Eletrônica

Memória química poderá guardar até 7 bits usando cores

Memória química poderá guardar até 7 bits usando cores
São bits ópticos que vão além do binário, podendo armazenar vários estados diferentes: de 4 até possivelmente 7 bits.[Imagem: Emily Pentzer]

Bits como cores

Químicos descobriram uma maneira de armazenar dados digitais na metade do espaço que os sistemas atuais exigem.

São bits ópticos que vão além do binário, podendo armazenar vários estados diferentes: de 4 até possivelmente 7 bits.

A memória química usa filmes poliméricos comuns.
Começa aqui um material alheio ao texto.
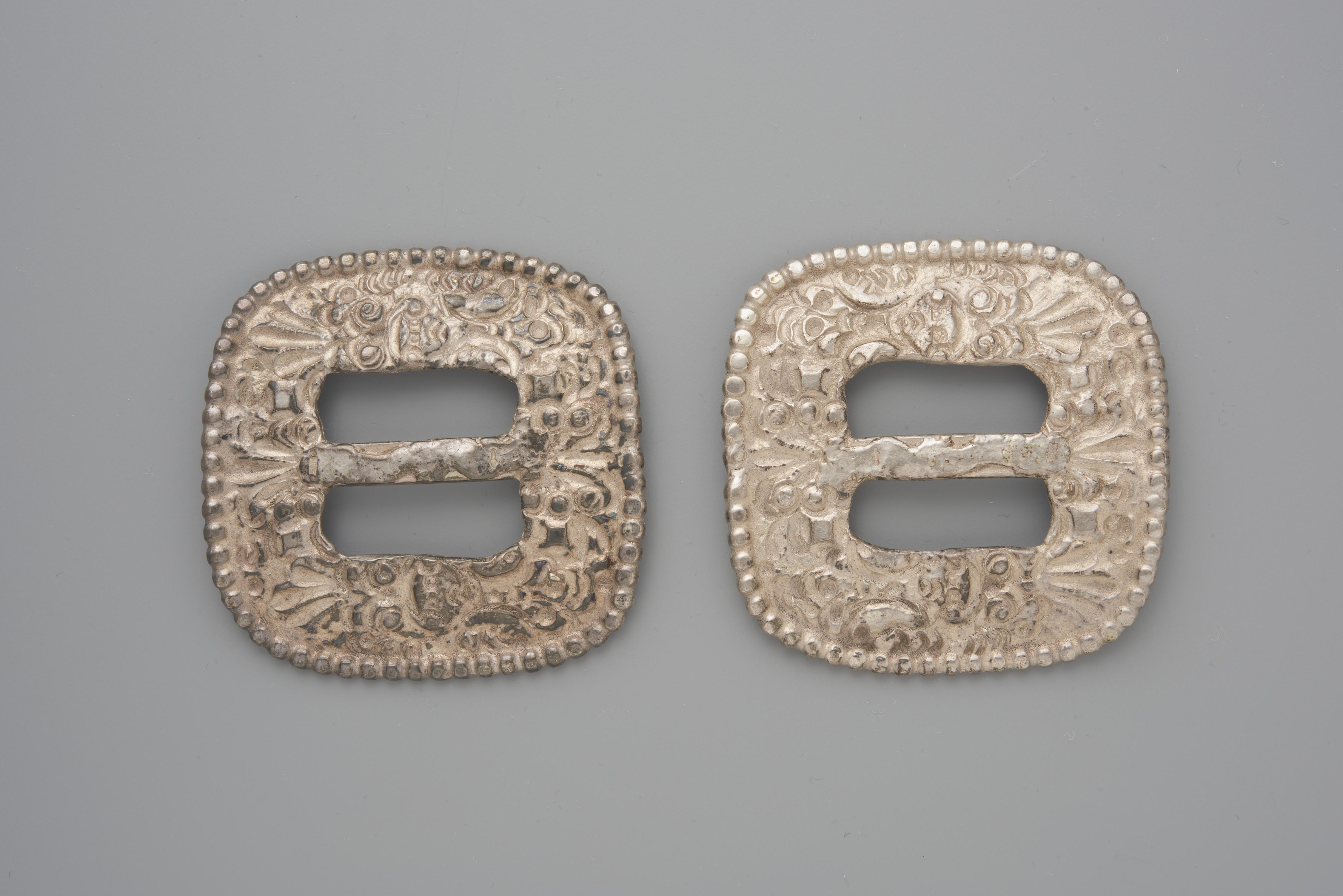 Paar zilveren schoengespen, door het museum in nieuwe staat verworven in Staphorst. De gespen kunnen gedragen worden door meisjes bij opknapdracht en kerkdracht en door vrouwen bij opknapdracht. Ze zijn in 1969 gegoten door J. Weeda in Haarlem, waarschijnlijk in opdracht van de Staphorster zilversmid Drost.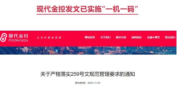 近日,現(xiàn)代金控在其官網(wǎng)發(fā)文《關(guān)于嚴(yán)格落實(shí)259號(hào)文規(guī)范管理要求的通知》。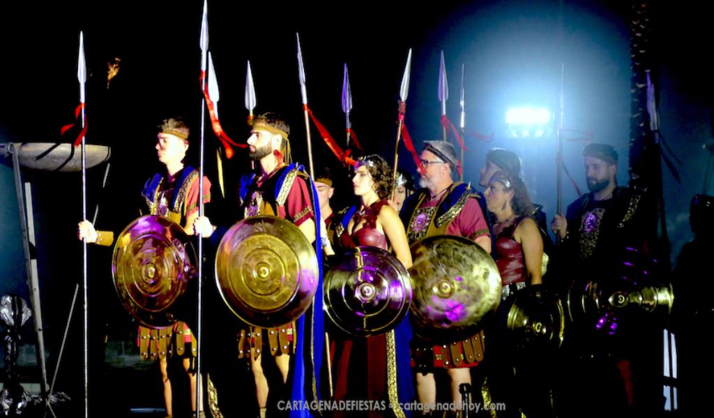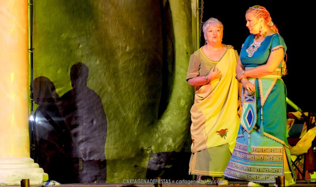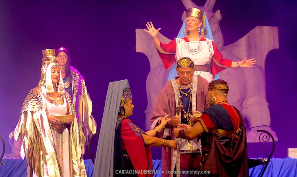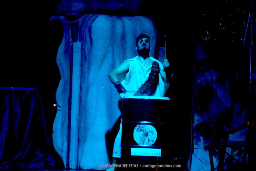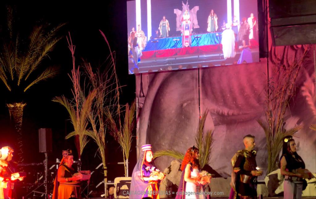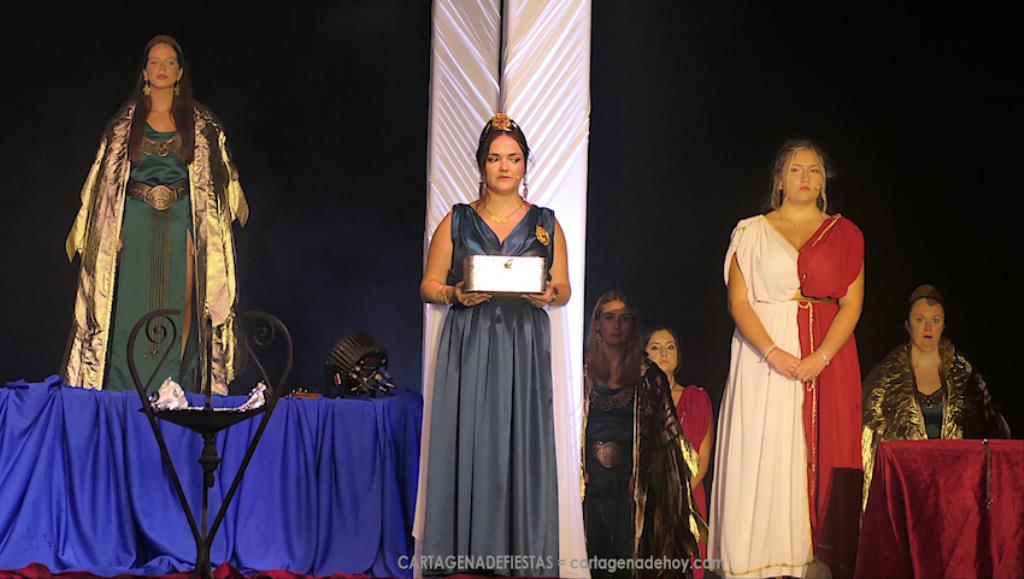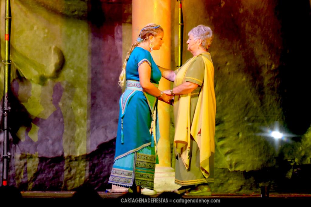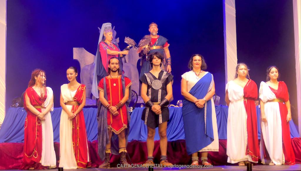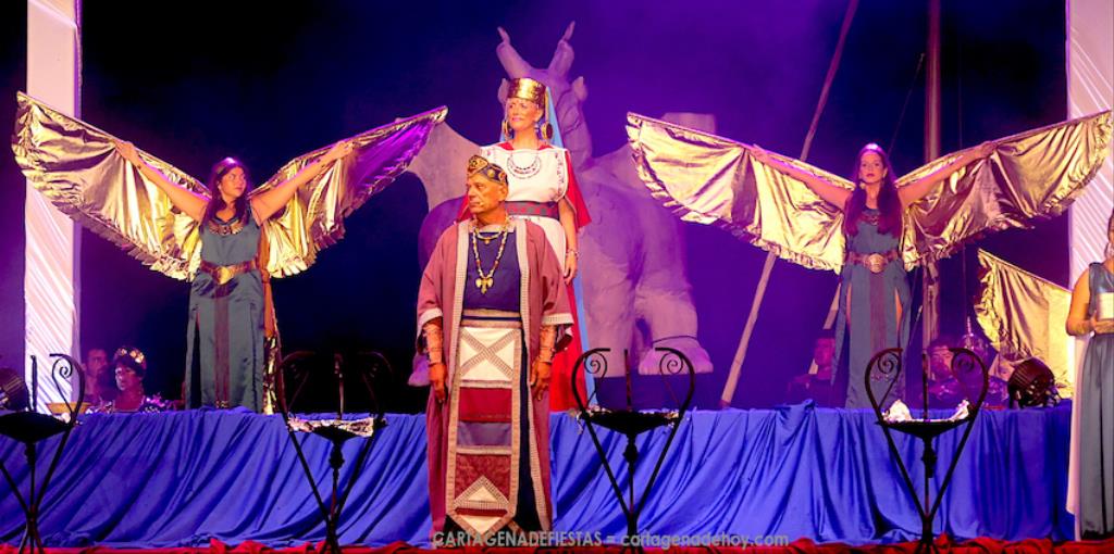 Julio Guillamón y Esther Escolar volvieron a lucir la fuerte química que existe entre ambos. La diferencia que hace un años, cuando se estrenaron en estos papeles, es que entonces estaba la presión del estreno y ahora ha sido puro disfrute, que es lo mejor en la despedida, pues el próximo año les toca a nuevos festeros. Es más, una muestra de esa felicidad que tenía estuvo en el cierre del acto, cuando Aníbal anuncia 3 días de fiestas y dispendios. Julio los amplió este año a 7 para "danzad, saltad y bailad", como pidió Himilce, a lo que se suma el tercer beso entre ambos de la noche.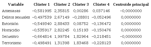 En la Tabla 3 se identifican también los clústeres según su incidencia en hechos delictivos. El clúster con mayor incidencia es el 2, seguido por el clúster 3, luego el clúster 4 y finalmente el cluster de menor incidencia es el 1, a pesar de ser uno de los grupos con mayor número de departamentos. Estos resultados muestran que el clúster 1 contiene el conjunto de departamentos con menores niveles de violencia y ocurrencia de delitos en la ventana de tiempo de evaluación de esta investigación. Por su parte, el clúster 2, aun cuando lo componen solo tres departamentos, reúne el mayor número de delitos de violencia cometidos en Colombia en el periodo evaluado. En consecuencia, en la Tabla 4 se señalan los centroides de los conglomerados asociados con los delitos de amenazas, delitos sexuales, extorsión, homicidio, secuestro y terrorismo.

No estágio atual, usando corantes, é possível armazenar os dados opticamente em um código quaternário: 0, 1, 2 e 3.

Em vez de números, o sistema de armazenamento químico usa a ausência de cor e três cores produzidas pelos corantes como símbolos que representam a informação.

"Estamos usando química em vez de engenharia para lidar com o armazenamento de dados, mas é realmente complementar ao que os engenheiros estão fazendo," disse a professora Emily Pentzer, da Universidade Case Western Reserve, nos EUA.

Memória optoquímica

Para construir a memória química, a equipe carregou uma pequena quantidade - menos de 0,4 por cento em peso - das duas moléculas de corante em uma folha flexível de PMMA, ou poli(metacrilato de metila), um polímero incolor na luz e temperatura ambientes.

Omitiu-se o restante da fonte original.